Word for word, repeat the data that follows. Do not include the pictures.
═══ INPUT DATA
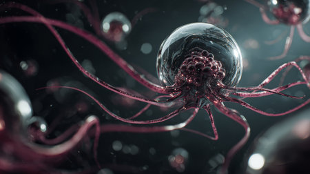 Microscopic cell nucleus tentacle biology science medical dark abstract mysterious closeup
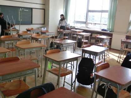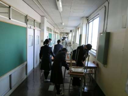 自分のだけではなく、みんなの分もと、せっせと机を運んでいます。
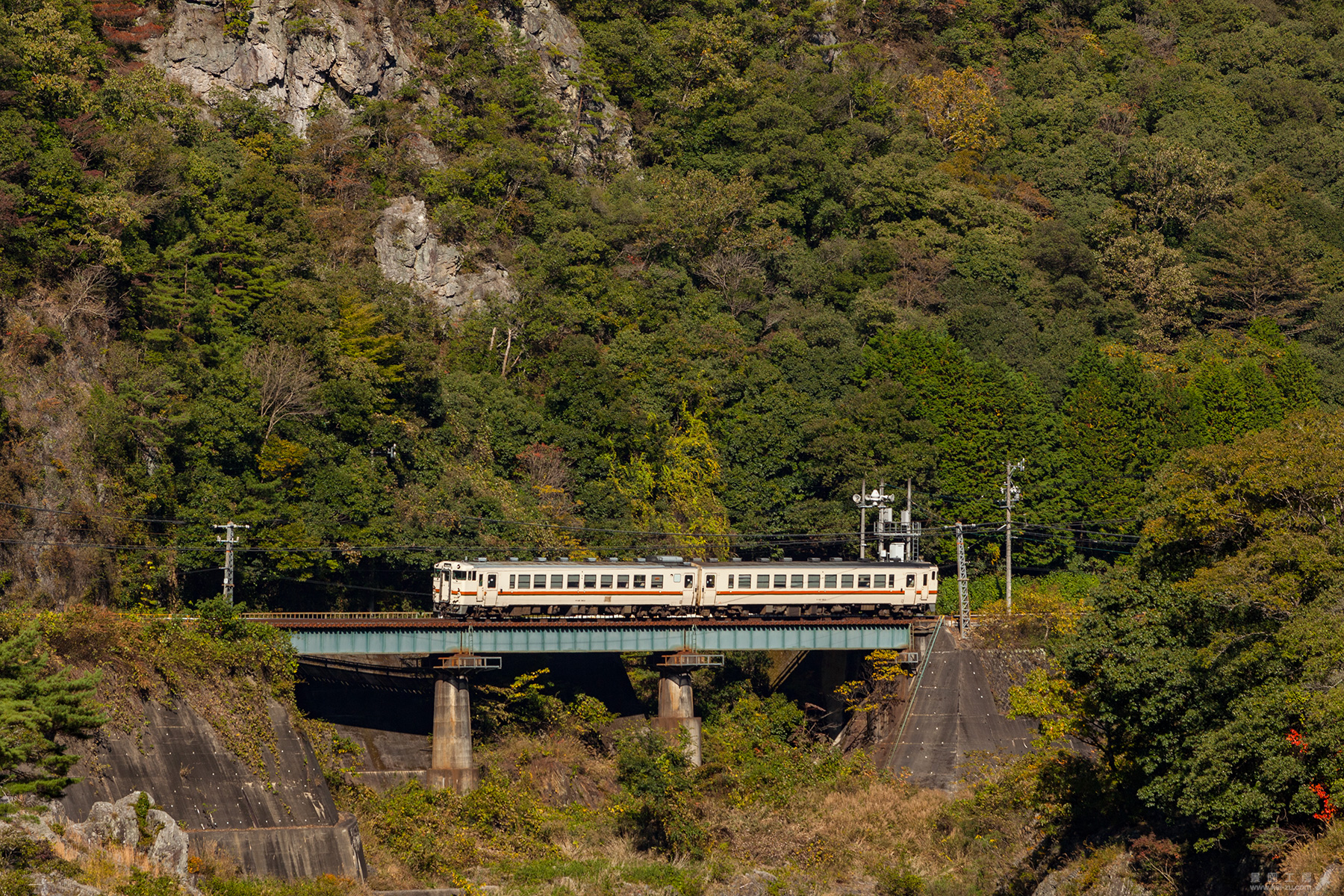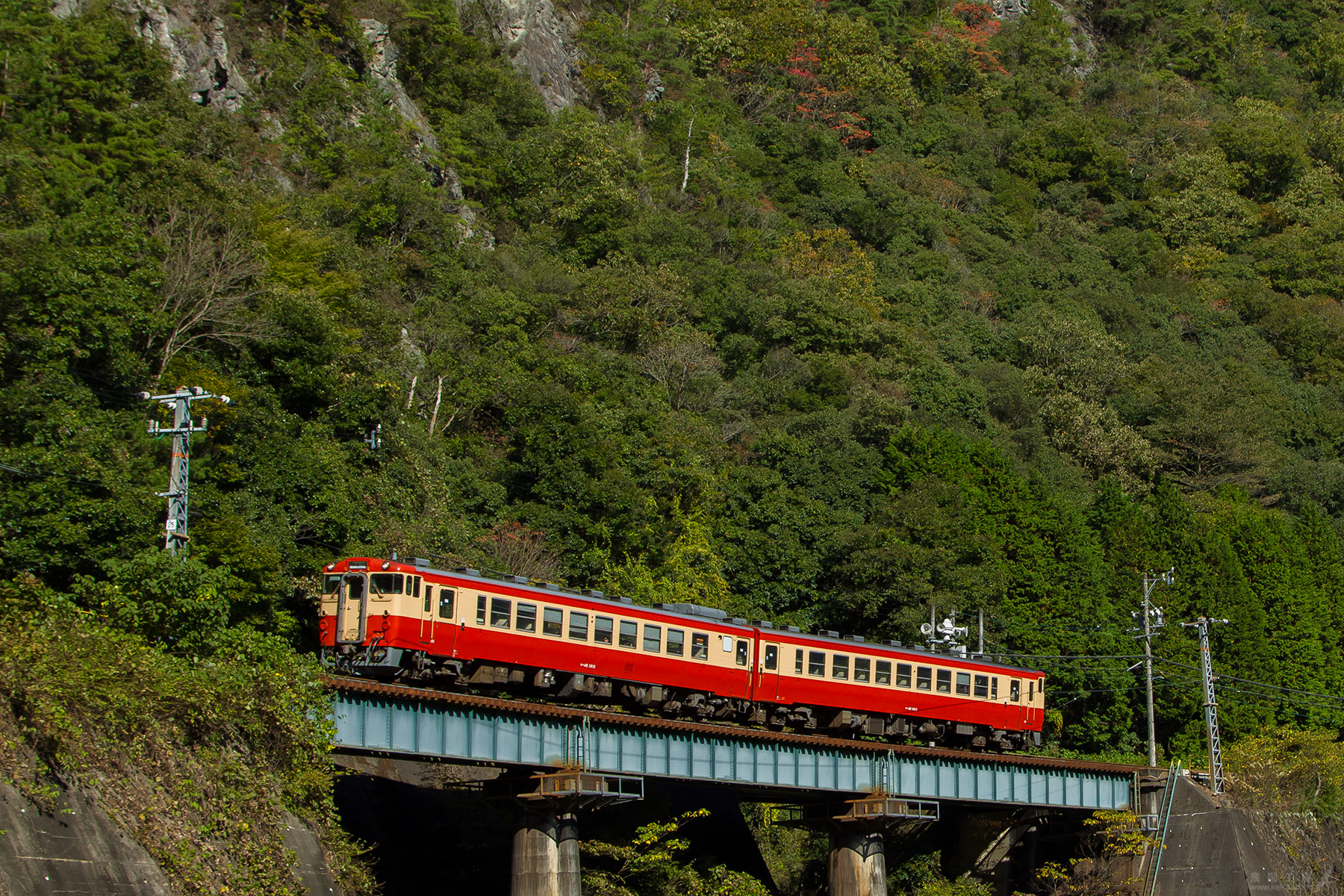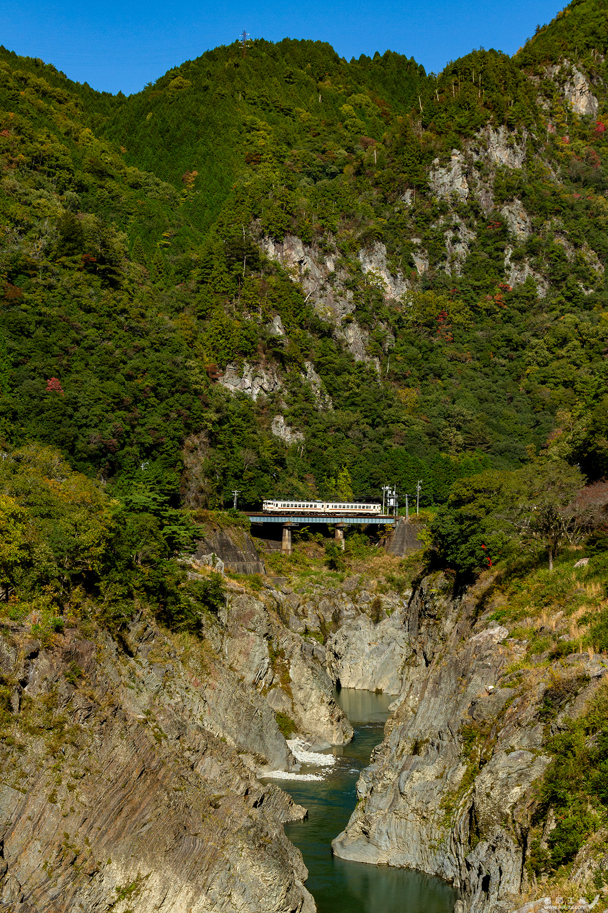 高山本線の上麻生駅付近の飛騨川は飛水峡と呼ばれる景勝地が10kmほど続く。 当撮影地は飛水峡の下流域にある赤池大龍神付近の橋梁を対象としている。 線路脇に繁茂する雑草がないためである。
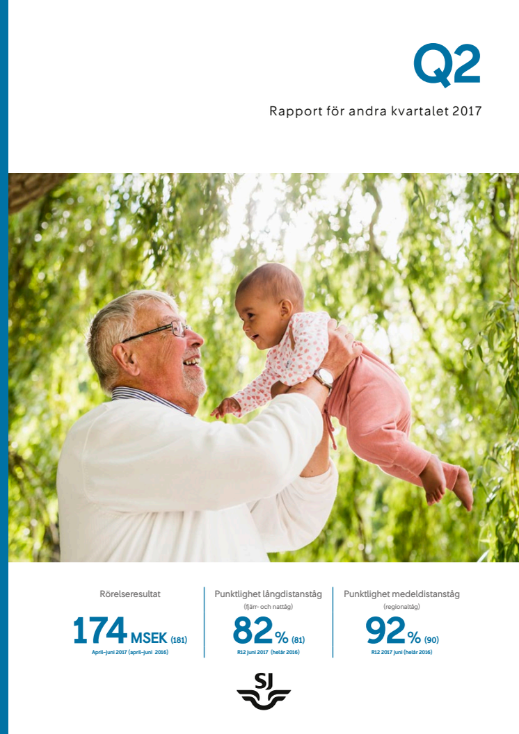 SJ har en fortsatt stabil lönsamhetsutveckling trots att årets andra kvartal präglades av stora trafikstörningar med förlorade intäkter och merkostnader som följd. Tack vare ökade intäkter från framför allt egentrafiken nådde SJ ett rörelseresultat på 174 MSEK (181) och en nettoomsättning som uppgick till 1 964 MSEK (2 333).
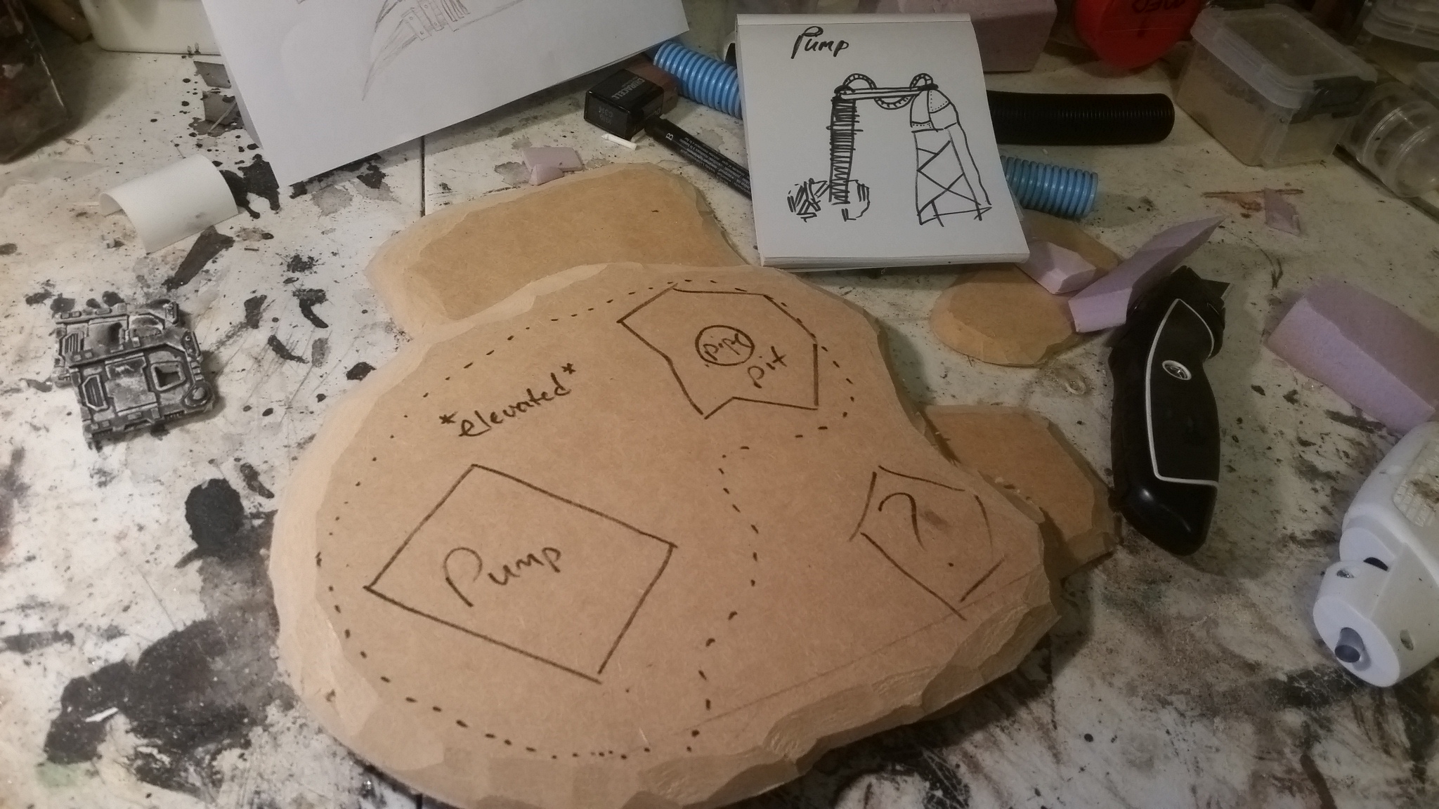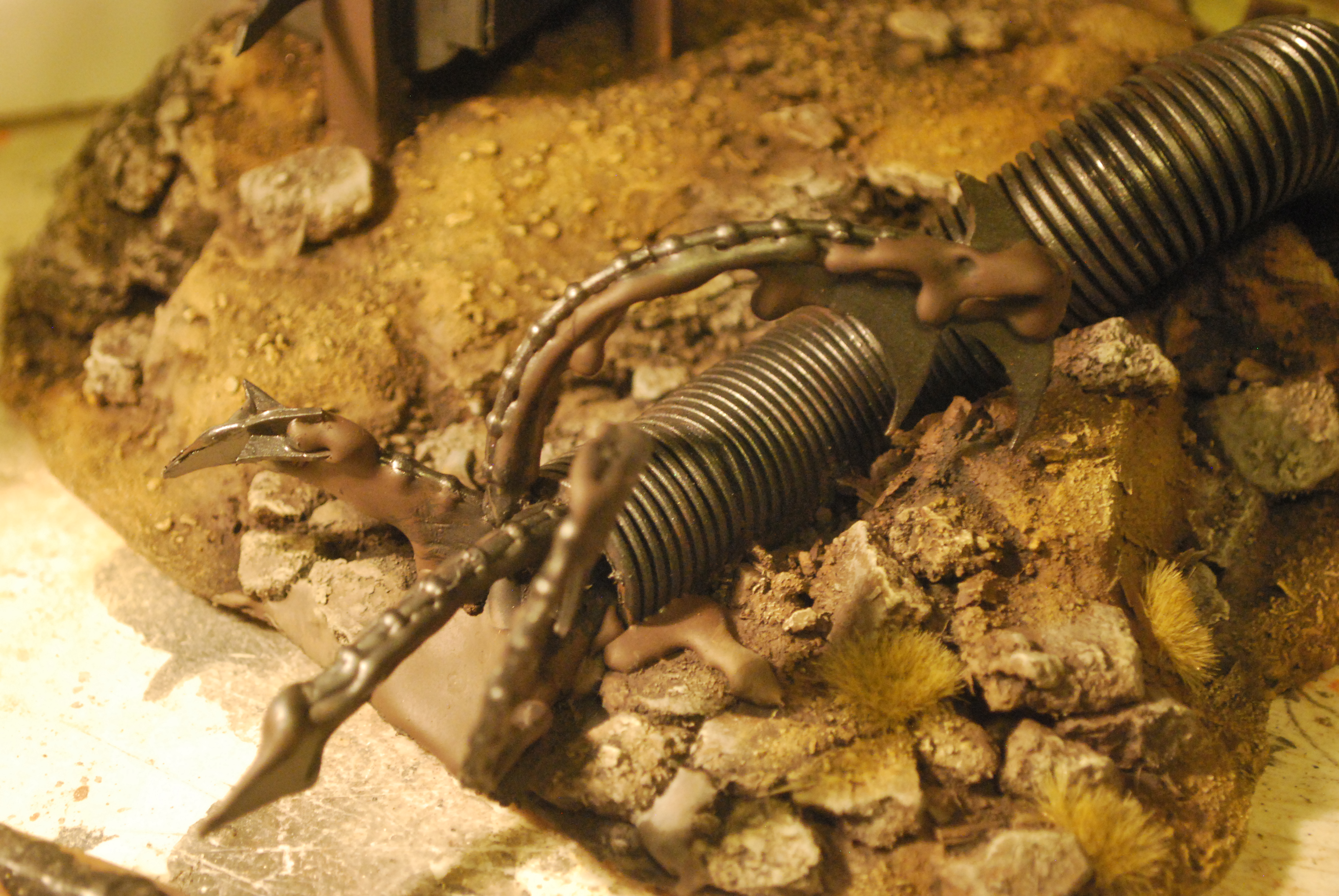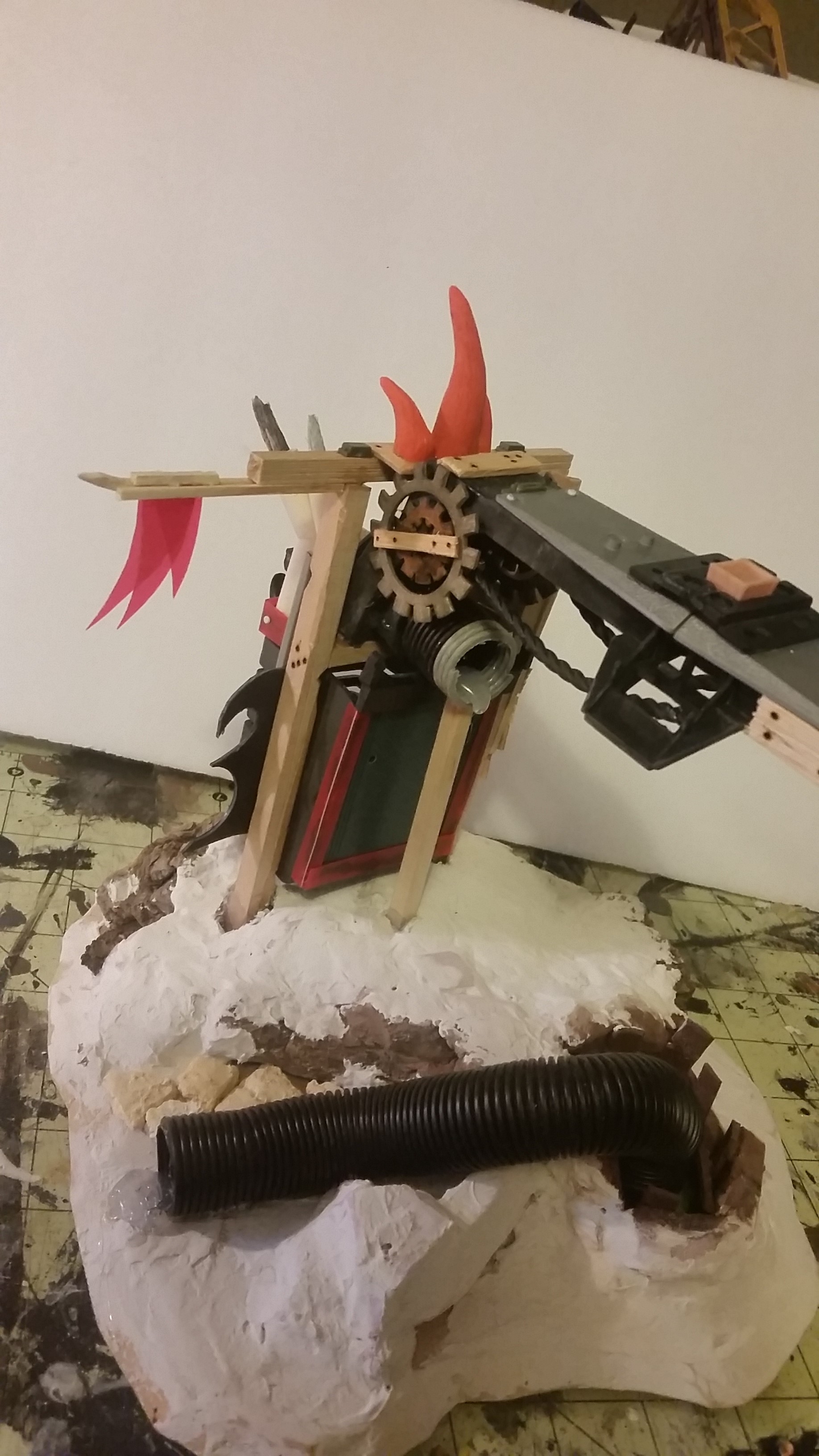 Got some work done. Decided to change the pump up a bit to help with theme. Now the pump hose has disconnected from the assembly and fallen oer oozing out slime and some of these little critters I'm scratch building. That should help. Also adding on a ton of bits and spikes and whatnot to the main body of the machinery.
══════
TASK ANSWER:
 Microscopic cell nucleus tentacle biology science medical dark abstract mysterious closeup
 自分のだけではなく、みんなの分もと、せっせと机を運んでいます。
 高山本線の上麻生駅付近の飛騨川は飛水峡と呼ばれる景勝地が10kmほど続く。 当撮影地は飛水峡の下流域にある赤池大龍神付近の橋梁を対象としている。 線路脇に繁茂する雑草がないためである。
 SJ har en fortsatt stabil lönsamhetsutveckling trots att årets andra kvartal präglades av stora trafikstörningar med förlorade intäkter och merkostnader som följd. Tack vare ökade intäkter från framför allt egentrafiken nådde SJ ett rörelseresultat på 174 MSEK (181) och en nettoomsättning som uppgick till 1 964 MSEK (2 333).
 Got some work done. Decided to change the pump up a bit to help with theme. Now the pump hose has disconnected from the assembly and fallen oer oozing out slime and some of these little critters I'm scratch building. That should help. Also adding on a ton of bits and spikes and whatnot to the main body of the machinery.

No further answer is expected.